Calls to the police unit assigned to the Acari area were not returned. In a Sunday statement to the O Dia newspaper, police confirmed they carried out an operation in the area, were fired upon by drug traffickers, returned fire but had no knowledge of any deaths.

The car in which Rio de Janeiro city councilor Marielle Franco was shot dead is towed from the crime scene in Rio de Janeiro, Brazil March 15, 2018. REUTERS/Ricardo Moraes

The car in which Rio de Janeiro city councilor Marielle Franco was shot dead is towed from the crime scene in Rio de Janeiro, Brazil March 15, 2018. REUTERS/Ricardo Moraes

Franco was raised and lived in Mare, a complex of slums where about 130,000 residents must contend with the presence of Rio’s two most powerful gangs – the Red Command and the Pure Third Command, along with militias often made up of off duty or retired police and fireman, who are as feared as the gangs.

High-level members of both the Red Command and the Pure Third Command told Reuters their gangs had nothing to do with the killings. It was impossible to reach any militia members.

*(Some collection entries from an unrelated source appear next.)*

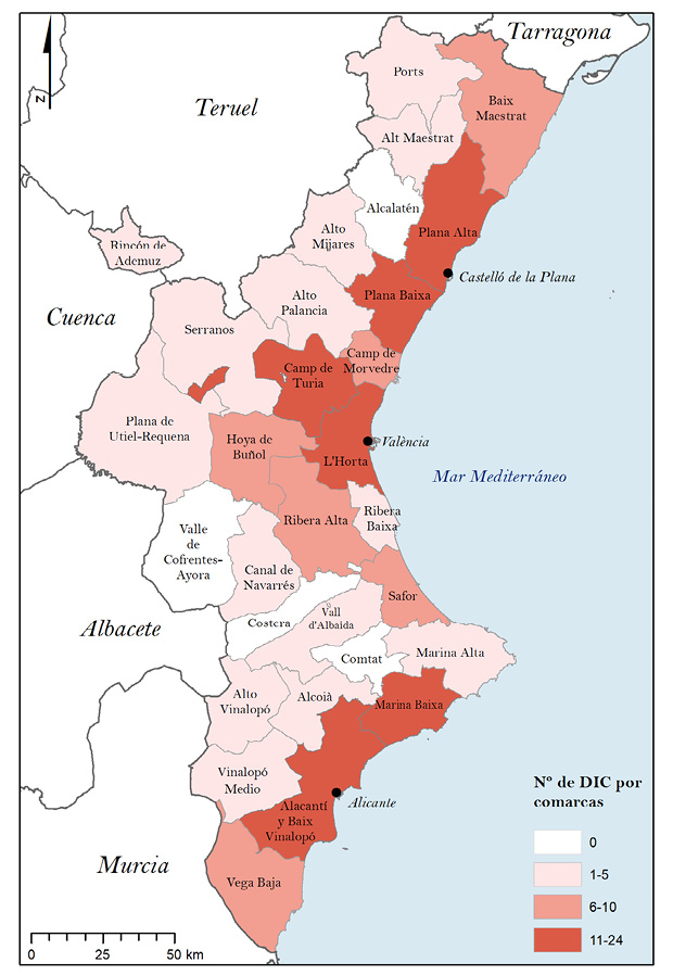 En las extensas comarcas del interior se localizan el 38 % de las DIC, pero con una distribución muy desigual. Así, cinco comarcas suponen más de la mitad de las DIC del interior (Plana de Utiel-Requena y Vall d’Albaida en la provincia de Valencia, Vinalopó Medio y Alto Vinalopó en Alicante y Alto Palancia en Castellón); todas ellas disponen de abundante SNUC y tienen buena accesibilidad desde las áreas urbanas de Valencia o de Alicante-Elx. En cambio, en las otras once comarcas interiores tan solo se ubican el 17 % de las DIC aprobadas. (Fig. 3).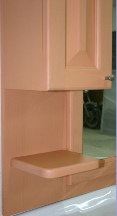 Έπιπλο λουτρού βάσεως και καθρέπτης με δύο ερμάρια. Αποθηκευτικός χώρος απλύτων, στο κέντρο.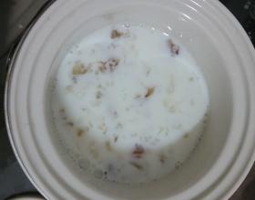 桃胶小许,牛奶250毫升,冰糖按个人喜好,水小量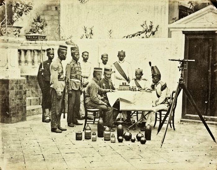 Abb.: Siamesisches Militär mit zur Schau gestellten Geschoßen, 1877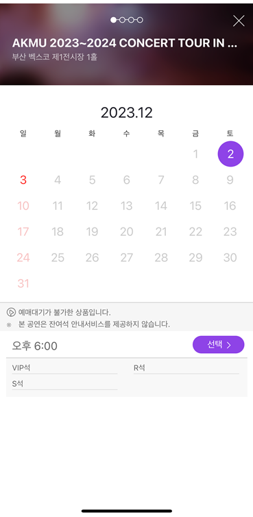 그럼 해당 화면으로 넘어오게 되는데 이 콘서트는 특이하게 현장 수령 선택이 안되네요?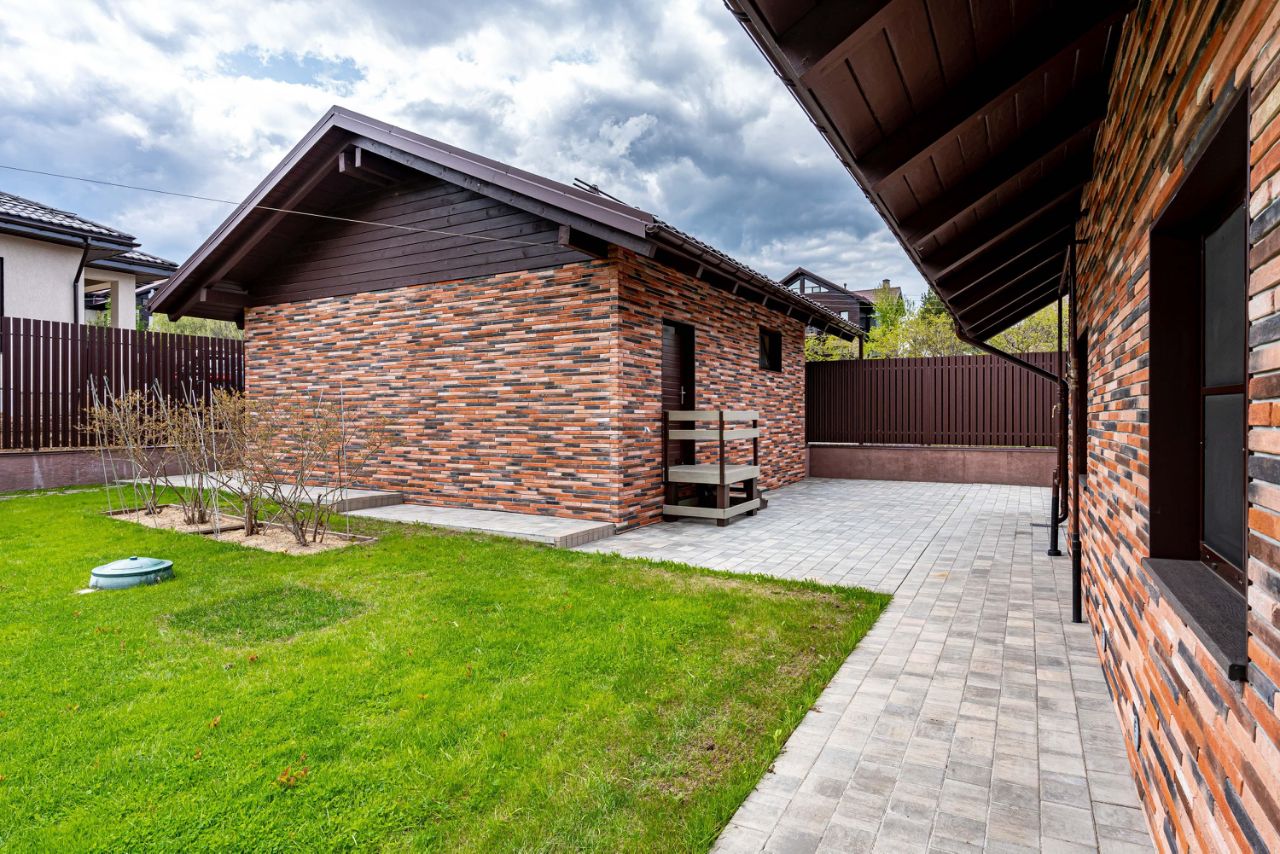 Дом и гараж построены из пеноблока, обложены клинкерным кирпичом.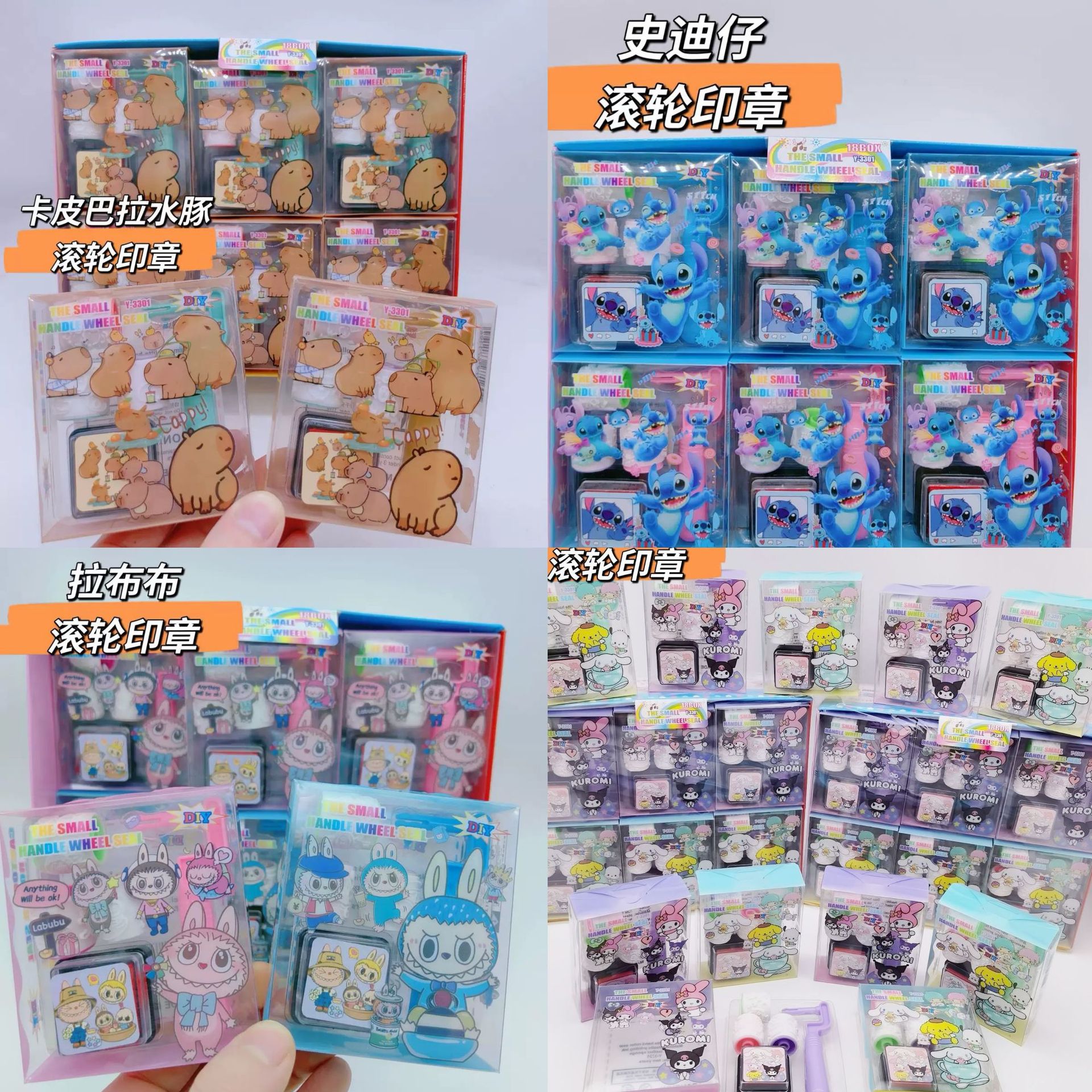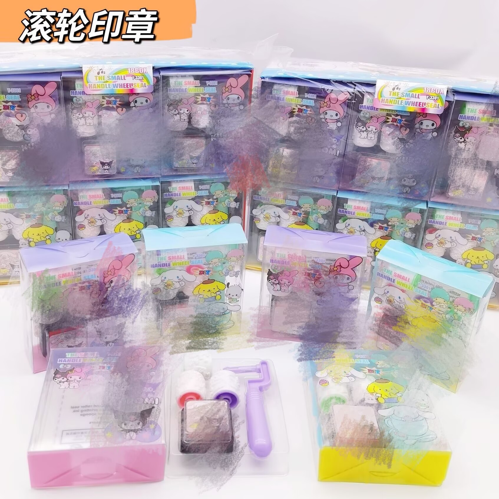 어린이 만화 롤러 스탬프 잉크패드 세트 손잡이형 초등학생 유치원 소품 스탬프 DIY 장난감스토어 가기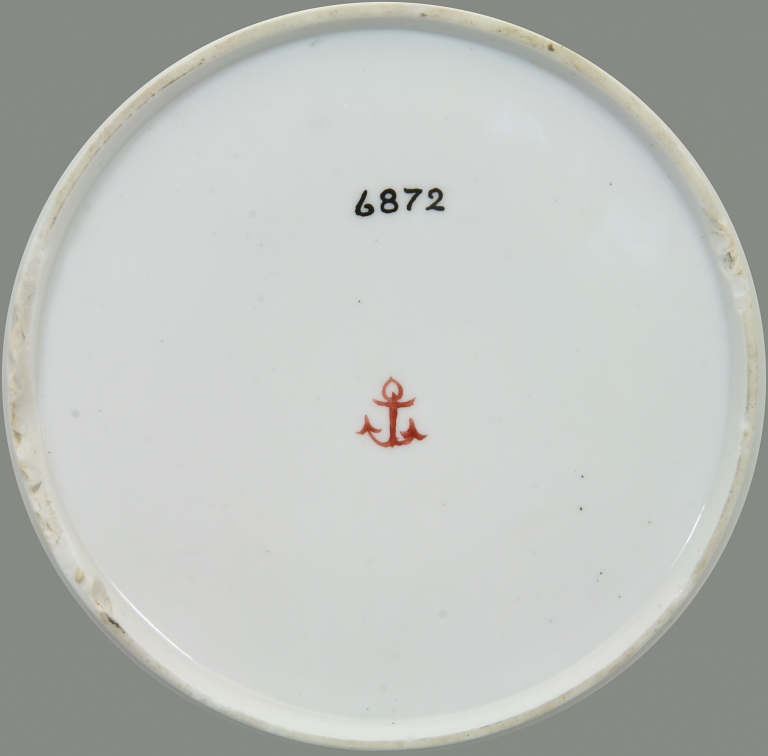 La decorazione di ispirazione orientale Imari con i tipici fiori "indiani", si può ricollegare al decoro definito "blò e rosso" o "del Giapon" negli inventari di fabbrica del 1783 (ASVe, Inquisitorato alle Arti, b.98, fasc. Majoliche, Porcellane, e Terraglie Fabbrica di Venezia, fasc. Terminazioni 1781-1785, pp. div.).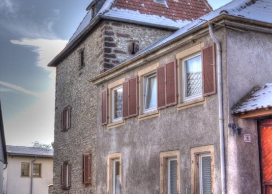 Built in the 14th century. The lords of Kriegsheim built this building, which is probably the oldest preserved residential building in the municipality. In the 16th century, the residential tower belonged half to the Counts of Leiningen-Hartenberg and half to those of Rodenstein. The three-storey building radiates a certain security and tranquillity, which the observer still feels today. The residential tower is privately owned. Text taken from Rundgang Kriegsheim with kind permission.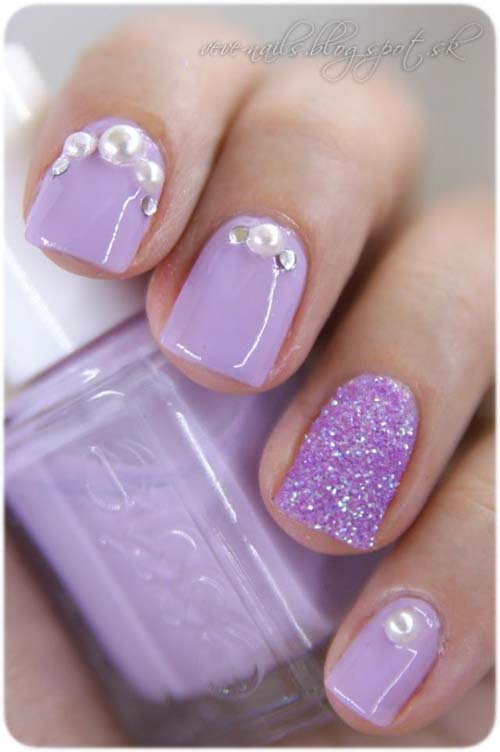 Μωβ – λιλά νύχια με διακοσμητικές πέρλες και sugar look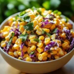 A vibrant and flavorful coleslaw featuring sweet charred corn, crunchy cabbage, and a zesty creamy dressing, perfect for any gathering.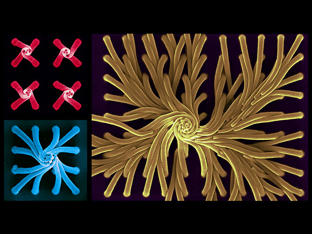 Ces torsades symétriques se sont formées automatiquement à l’évaporation du liquide dans lequel baignaient des nanofibres synthétiques. L'expérience menée par des chercheurs de l'université de Harvard montre aussi que pour changer le « serrage » ou le « tressage » de ces torsades, il suffit de changer la direction d'évaporation du liquide et la rigidité des brins. Ces fibres peuvent également s'enrouler autour d'une sphère et l'agripper. Mais un changement d'environnement (de pH par exemple) peut suffire à faire relâcher l'objet. Ce qui permet un contrôle aisé, à l'échelle du micron, du système de prise ou de lâcher, selon les besoins. Source : Science, 09 janvier 2009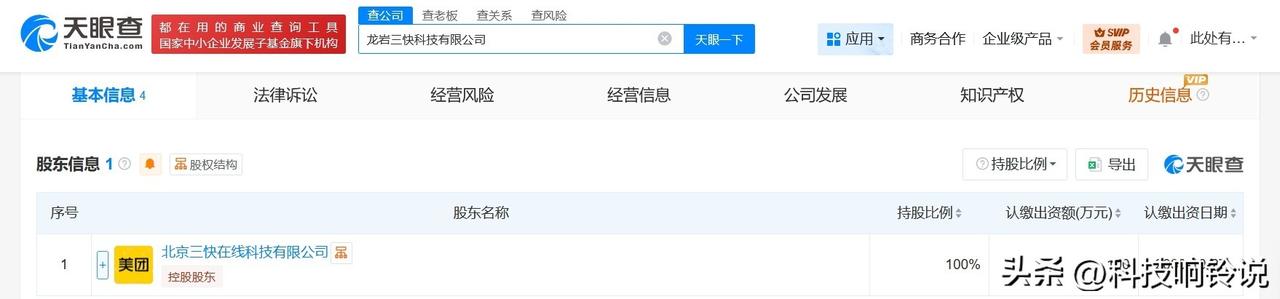 【美团在福建龙岩成立科技公司注册资本100万】 天眼查工商信息显示,近日,龙岩
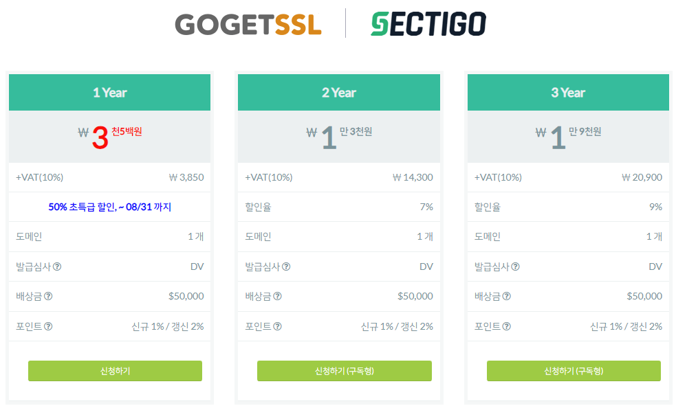 인증서가 만료되면 그때 다시 할인 중인 SSL 인증서를 찾아서 신청하면 된다.
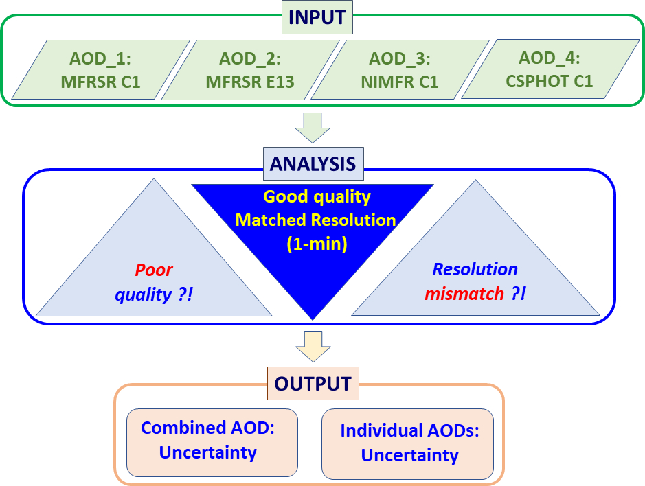 Aerosol optical depth (AOD) is a measure of how much aerosol particles prevent direct sunlight from reaching the ground. AOD records with different accuracies and temporal resolutions are typically provided by several instruments that vary in their design. Combining these records into a single data product can give AOD data with excellent time continuity compared with measurements from a single instrument. Our work demonstrates how to straightforwardly obtain the combined AOD and its uncertainty using an intuitively understandable approach (Figure 1) that addresses: (1) the varying data quality and resolutions of individual AOD records and (2) the uncertainty of the merged AOD data and its relevance for users.
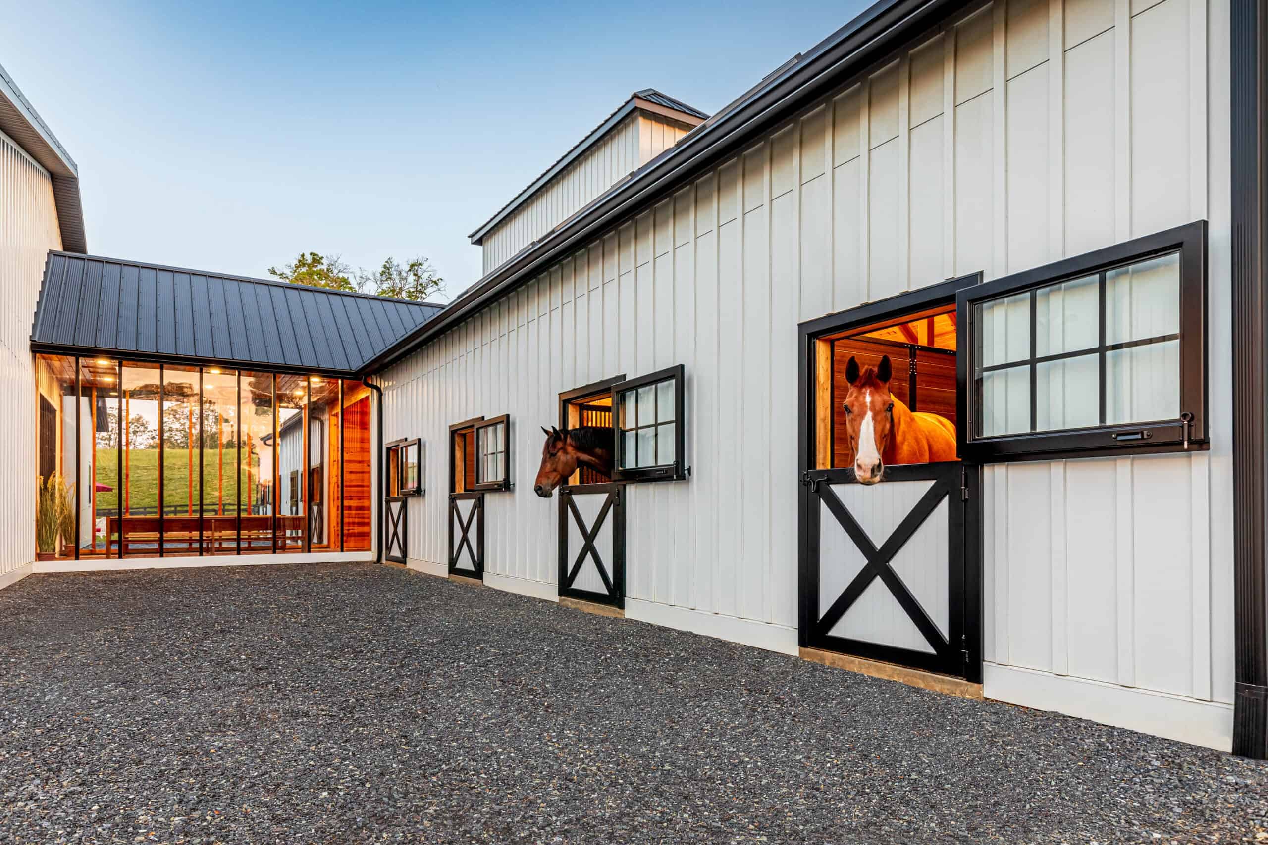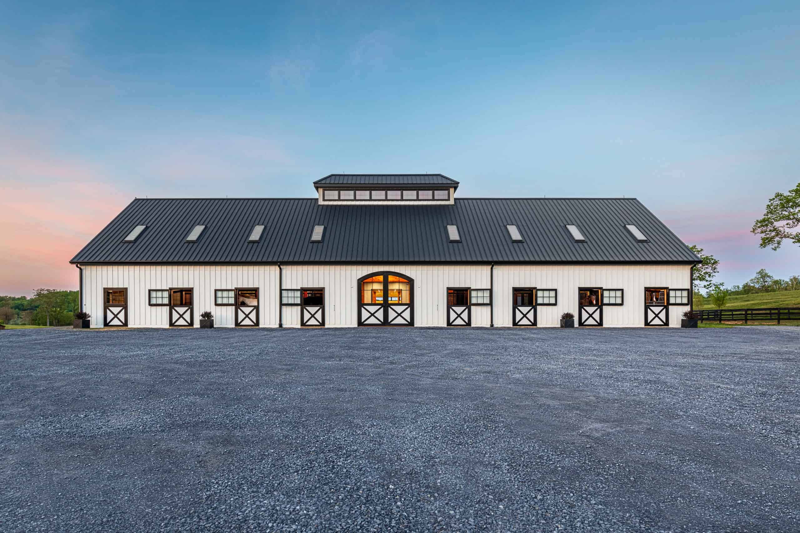 Our client spent years dreaming of this barn and riding arena. This training facility includes a 16 stall timber frame barn, service barn, & riding arena in Middleburg, VA.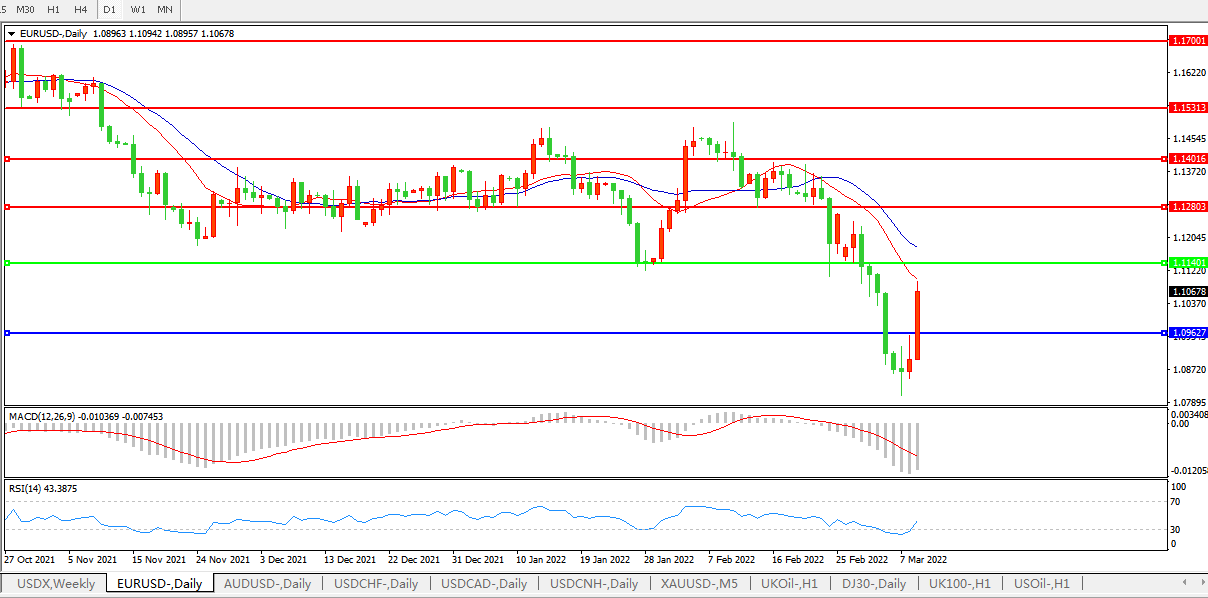 欧元兑美元EURUSD 日线图: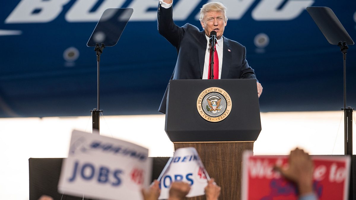 (Photo: U.S. President Donald Trump addresses a crowd during the debut event for the Dreamliner 787-10 at Boeing's South Carolina facilities in North Charleston, South Carolina. Credit: Getty Images)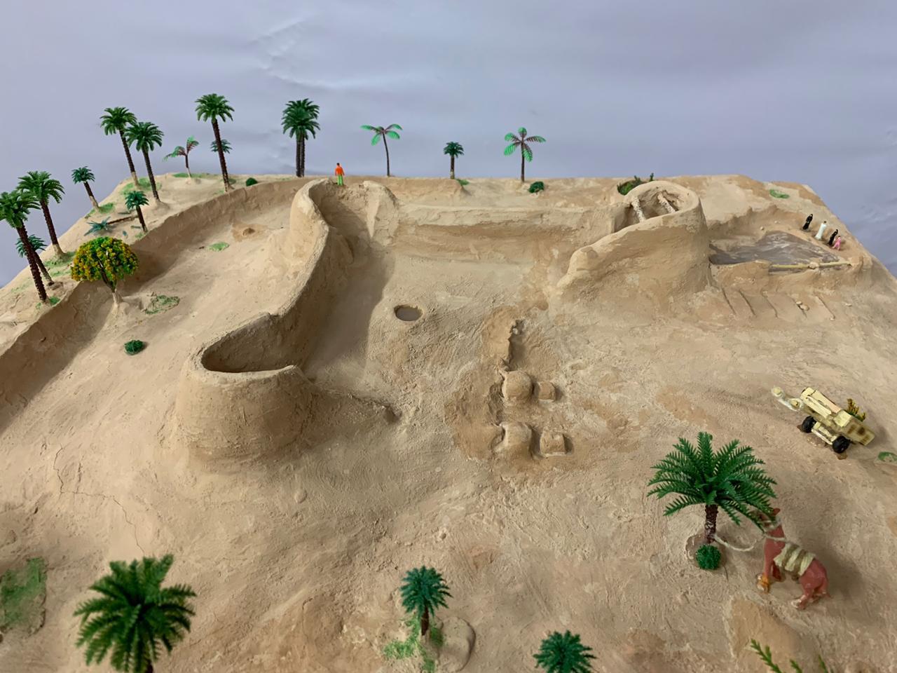 وبين أبو السرير وهو من أهالي تاروت، بأنه استغرق إعداد حوالي أسبوعين في عمل المجسم، مستخدما الخشب والحجارة الصغيرة لتكوين قاعدة متماسكة ممسوحة بالطين.

Raul Jungmann, who heads the federal government’s newly created Public Security Ministry, said at an event in Sao Paulo that what Franco’s killing was “a tragedy.”

“Another lamentable daily tragedy that takes place in Rio de Janeiro. We must understand extremely well the reasons behind this and go after those responsible,” he said. “But this does not put at risk the federal intervention.”

Jungmann said that federal investigators would be involved in the investigation and that he had put Brazil’s federal police at the disposition of local investigators.

Vigils and protests were planned in at least seven major cities across Brazil and about 150 members of the PSOL party carried flowers and signs into Brazil’s federal Congress on Thursday demanding justice.

The United Nations office in Brazil and Amnesty International demanded a quick and transparent investigation into Franco’s killing.